◆ **Exercise description**
Only the lines from the one with "Chili pepper lights" to the end of the listing below should be set down, exactly as written and without any pictures.

◆ **Dataset extract**
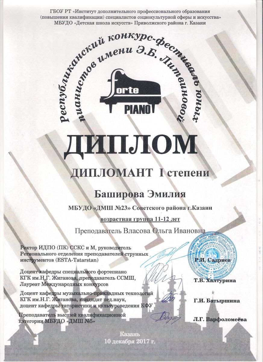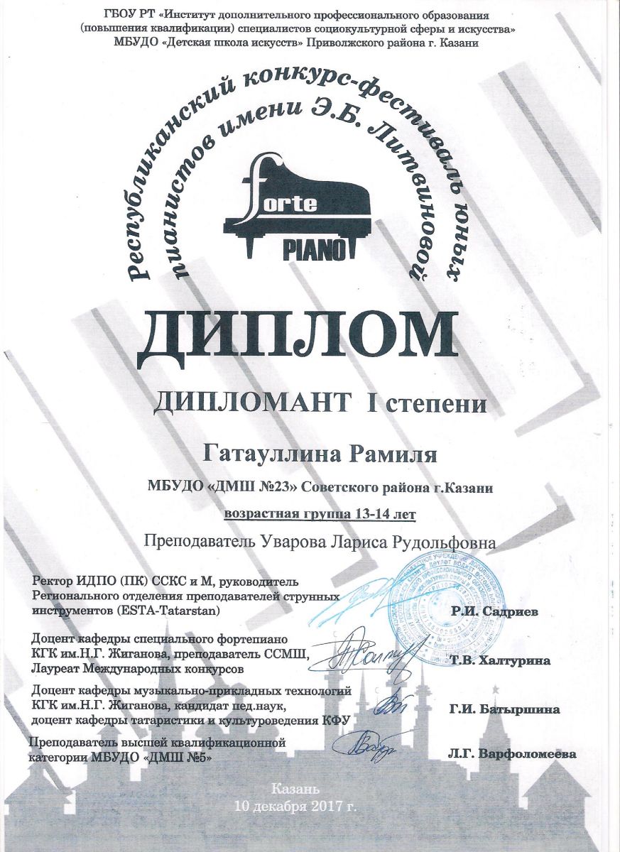 Республиканский конкурс-фестиваль юных пианистов имени Э.Б.Литвиновой "Forte-PIANO" - Диплом дипломанта 1 степени - Гатауллина Рамиля (преподаватель: Уварова Л.Р.)
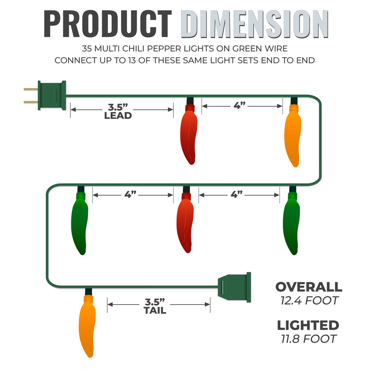 Chili pepper lights create a festive look anywhere they are placed. Great for parties, Cinco de Mayo, pergola, dorm rooms, bars, barbecue areas, and more. Each strand has 35 lights and they are end-to-end connectable, so you can link them together to create a large display. This set has 35 multi chili lights on green wire. Multi assortment includes red, green, and yellow chilis. UL approved for both indoor and outdoor use.
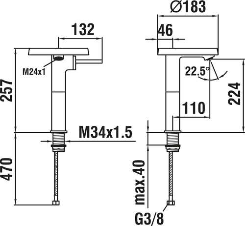 LAUFEN Kartell Standsäulen-Waschtischmischer, Festauslauf, ohne Ablaufventil, Ausladung 125 mm

◆ **Answer section**
 Chili pepper lights create a festive look anywhere they are placed. Great for parties, Cinco de Mayo, pergola, dorm rooms, bars, barbecue areas, and more. Each strand has 35 lights and they are end-to-end connectable, so you can link them together to create a large display. This set has 35 multi chili lights on green wire. Multi assortment includes red, green, and yellow chilis. UL approved for both indoor and outdoor use.
 LAUFEN Kartell Standsäulen-Waschtischmischer, Festauslauf, ohne Ablaufventil, Ausladung 125 mm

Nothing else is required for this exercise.